The Federal Reserve had eased the Supplementary Leverage Ratio (SLR) requirements for banks, as a way to allow them some extra liquidity via the exclusion of deposits and bonds from their capital reserve requirements.
This hawkish announcement from the Fed has enabled the 10-year bond yield to rise from intraday lows around 1.679% to trade at 1.730% as of the time of writing. With the US Dollar starting to see some strength, the ability of gold prices to stay above the $1730 mark is now under threat.
Gold price is struggling to cross above the 1741.01 resistance line. This level is starting to look like a river too deep to cross for bulls on the XAU/USD. A price drop below the ascending trendline on the 4-hour chart, which connects the lows of 8 March, 12 March and 18 March, remain the support to watch.
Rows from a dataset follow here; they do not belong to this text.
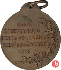 Bicentenario del 18° Regg. Fanteria Dritto: VITTORIO AMEDEO II _ DUCA DI SAVOIA 1703 busto di Vittorio Amedeo II di fronte sulla spalla sx: A.F. a dx: ramo di quercia | |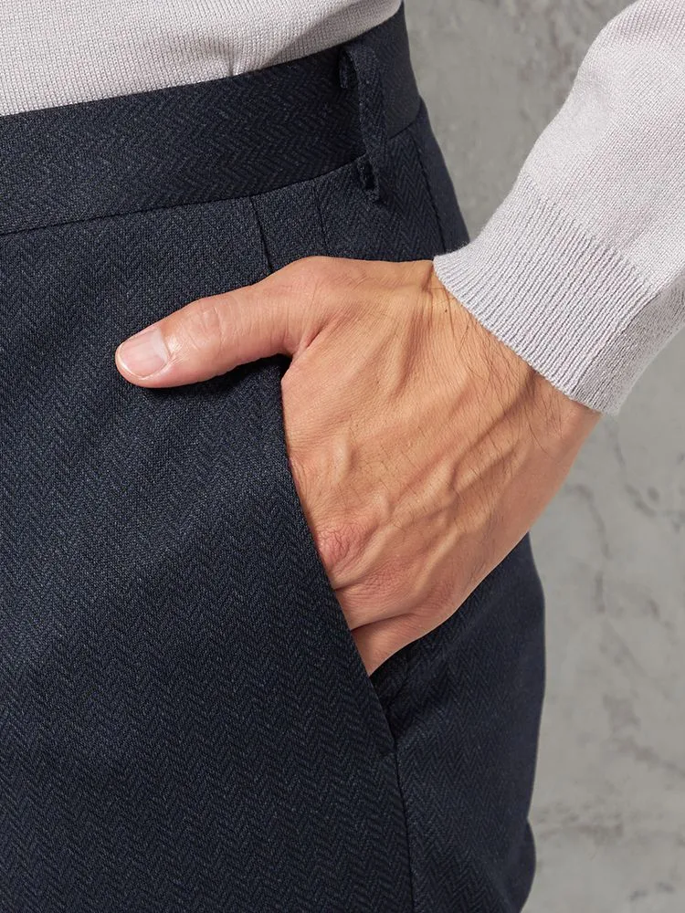 【ウォッシャブル】パンツ ノータック【i-Pants-アイパンツ-】全方向ストレッチ ヘリンボン リッケンバッカー 秋冬(ブラック)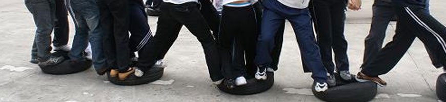 每個隊利用手中僅有的幾個輪胎,全隊人員一次性通過一段大約十幾米的距離,在過程當中,任何人的身體任何部位不可以觸地。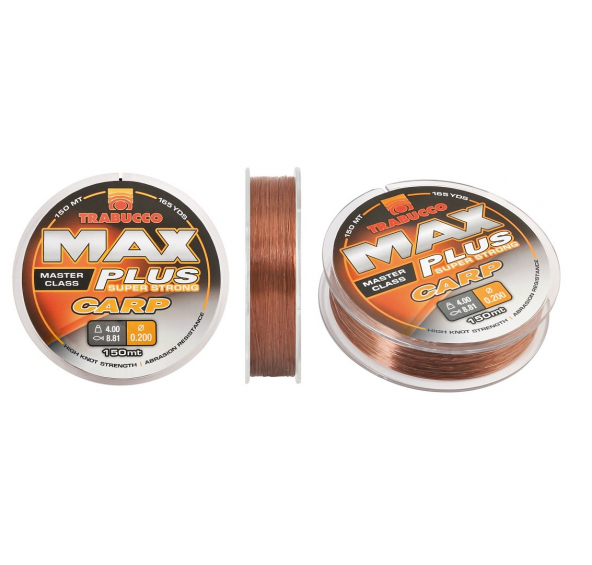 Vlasec Max Plus Carp od firmy Trabucco je specializovaný na lov velkých ryb díky jeho velké odolnosti proti oděru a pevnosti v uzlu. Díky jeho absenci paměti a snížené elasticitě dosáhnete rychlých a přesných náhozů a přesnější indikaci záběru. Jeho hnědá barva je vhodná do všech vodních prostředí, tedy ideální pro lov velkých kaprů. I díky jeho ceně je tento vlasec velmi atraktivní. Technické údaje: Délka: 150m Průměr: 0,20mm / Nosnost: 4,00kg Průměr: 0,22mm / Nosnost: 4,90kg Průměr: 0,25mm / Nosnost: 5,80kg Průměr: 0,28mm / Nosnost: 6,85kg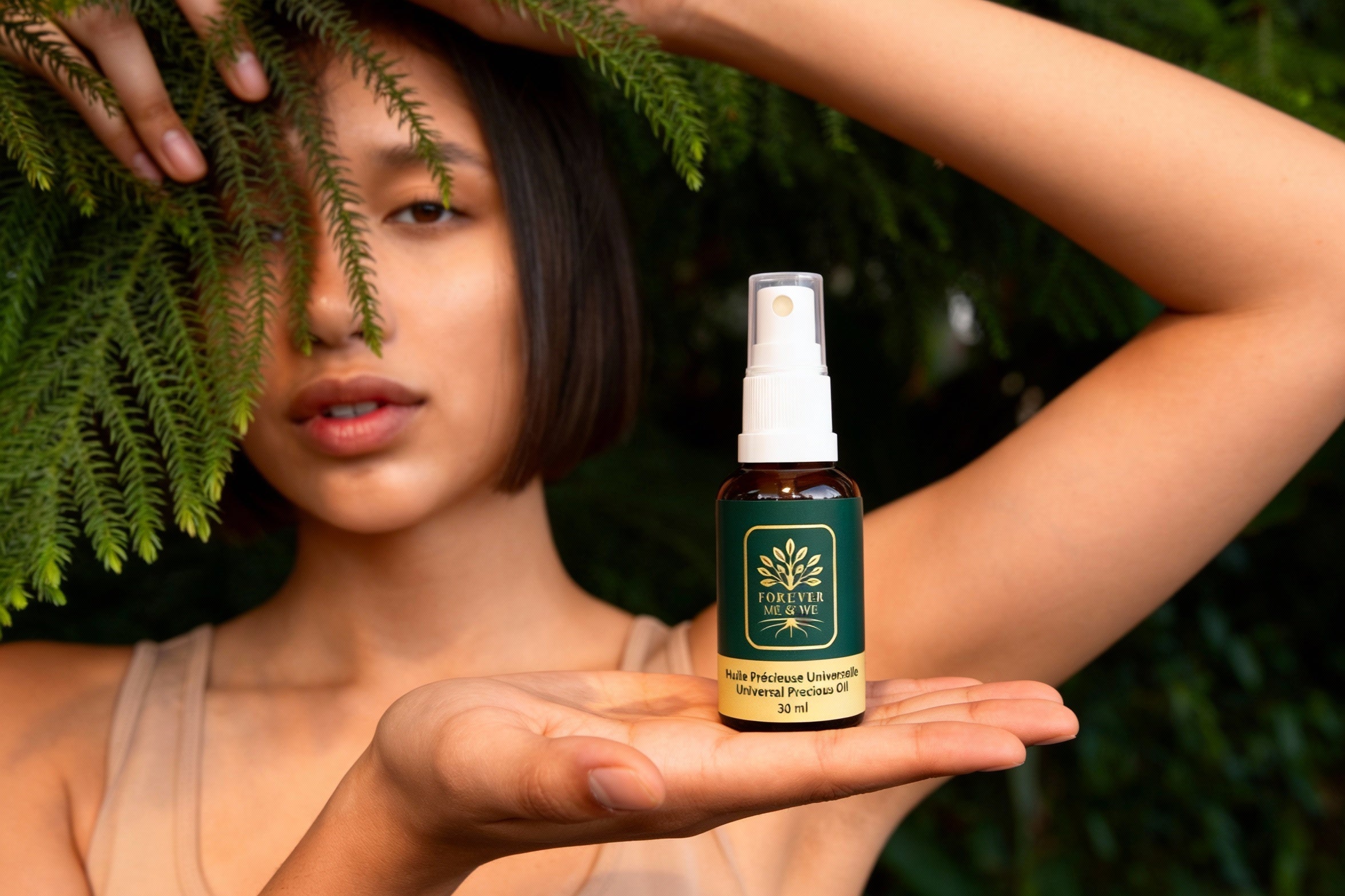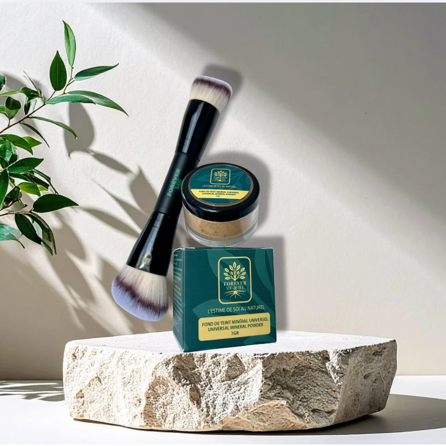 "Je partage mon secret d'une belle peau avec vous, le Fond de teint minéral Forever Me & We, utilisé seul ou mieux, en synergie avec l’Huile précieuse universelle et l’Eau florale universelle, offre un résultat optimal et professionnel hyper lumineux en un temps record."

A drop below this line could trigger a huge selloff, targeting 1719.13 initially (18 March low), followed by the 1699.43 support and the 1680.59 support.
On the other hand, bulls need to force prices not just above 1741, but also above the 18 March high to form a higher high that signals a short-term uptrend. This move would then open the door for the gold price to attempt a march towards 1763.30, with 1789.49 serving as a potential target to the north that presently looks far-fetched in the short term.